**EXERCISE BRIEF**
Scan the records below for the line containing "Будьте внимательны к" and the line containing "Como es habitual". Copy both, plus every line between, exactly.

**EXCERPTED DATA**
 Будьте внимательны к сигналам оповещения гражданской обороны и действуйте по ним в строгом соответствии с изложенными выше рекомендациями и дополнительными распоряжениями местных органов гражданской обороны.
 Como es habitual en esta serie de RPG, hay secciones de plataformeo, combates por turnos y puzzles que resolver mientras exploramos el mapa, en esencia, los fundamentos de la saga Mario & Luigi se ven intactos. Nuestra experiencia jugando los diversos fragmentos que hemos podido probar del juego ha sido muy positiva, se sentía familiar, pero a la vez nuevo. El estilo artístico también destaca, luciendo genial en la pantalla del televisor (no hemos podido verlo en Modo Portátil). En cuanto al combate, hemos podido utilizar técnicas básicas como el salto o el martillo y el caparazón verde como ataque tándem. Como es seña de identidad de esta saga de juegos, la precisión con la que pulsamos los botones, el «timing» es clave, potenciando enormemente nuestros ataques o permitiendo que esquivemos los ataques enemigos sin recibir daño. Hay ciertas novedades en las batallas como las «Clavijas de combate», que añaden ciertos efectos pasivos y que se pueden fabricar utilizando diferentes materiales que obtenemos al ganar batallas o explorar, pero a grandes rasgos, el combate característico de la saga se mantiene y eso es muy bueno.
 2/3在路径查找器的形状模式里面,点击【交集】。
...
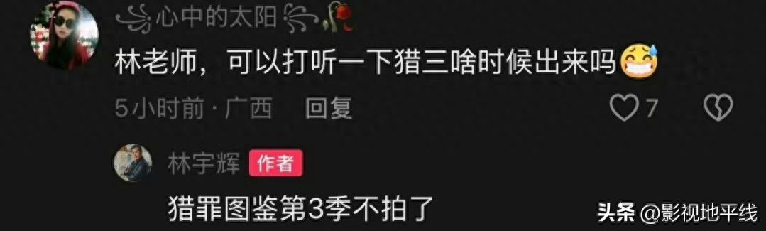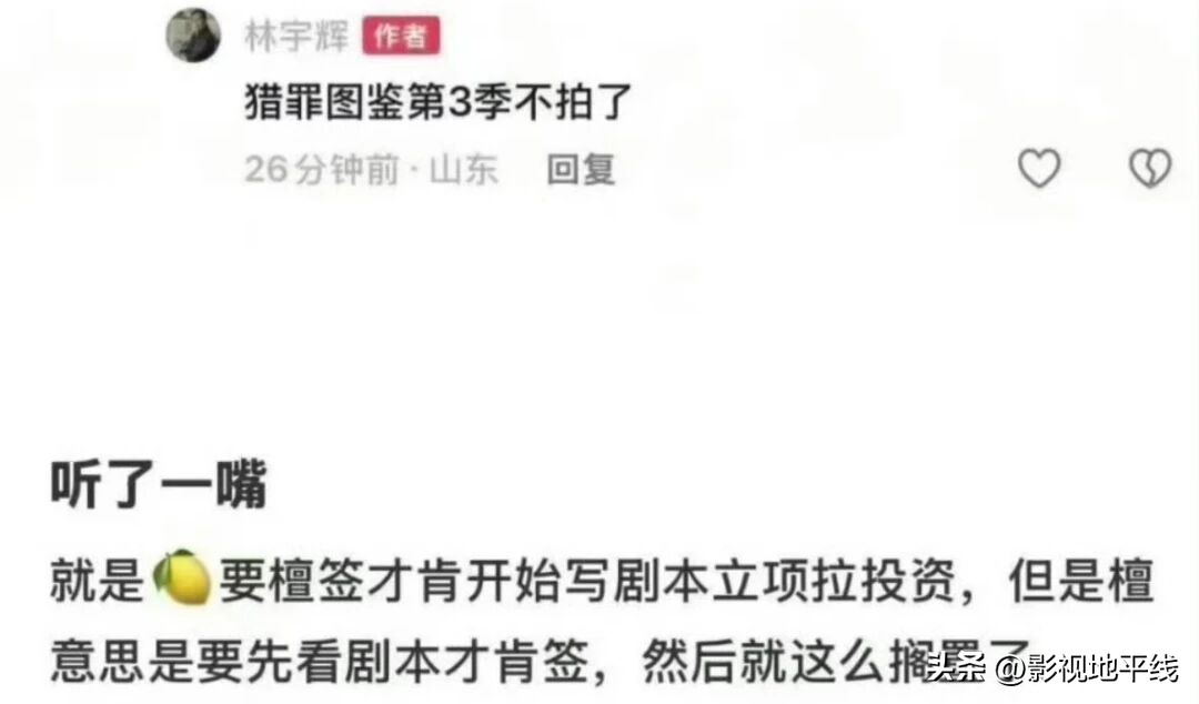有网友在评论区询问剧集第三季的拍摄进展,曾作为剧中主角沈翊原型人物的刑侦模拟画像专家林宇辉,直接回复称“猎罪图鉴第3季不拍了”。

**SOLUTION TO THE EXERCISE**
 Будьте внимательны к сигналам оповещения гражданской обороны и действуйте по ним в строгом соответствии с изложенными выше рекомендациями и дополнительными распоряжениями местных органов гражданской обороны.
 Como es habitual en esta serie de RPG, hay secciones de plataformeo, combates por turnos y puzzles que resolver mientras exploramos el mapa, en esencia, los fundamentos de la saga Mario & Luigi se ven intactos. Nuestra experiencia jugando los diversos fragmentos que hemos podido probar del juego ha sido muy positiva, se sentía familiar, pero a la vez nuevo. El estilo artístico también destaca, luciendo genial en la pantalla del televisor (no hemos podido verlo en Modo Portátil). En cuanto al combate, hemos podido utilizar técnicas básicas como el salto o el martillo y el caparazón verde como ataque tándem. Como es seña de identidad de esta saga de juegos, la precisión con la que pulsamos los botones, el «timing» es clave, potenciando enormemente nuestros ataques o permitiendo que esquivemos los ataques enemigos sin recibir daño. Hay ciertas novedades en las batallas como las «Clavijas de combate», que añaden ciertos efectos pasivos y que se pueden fabricar utilizando diferentes materiales que obtenemos al ganar batallas o explorar, pero a grandes rasgos, el combate característico de la saga se mantiene y eso es muy bueno.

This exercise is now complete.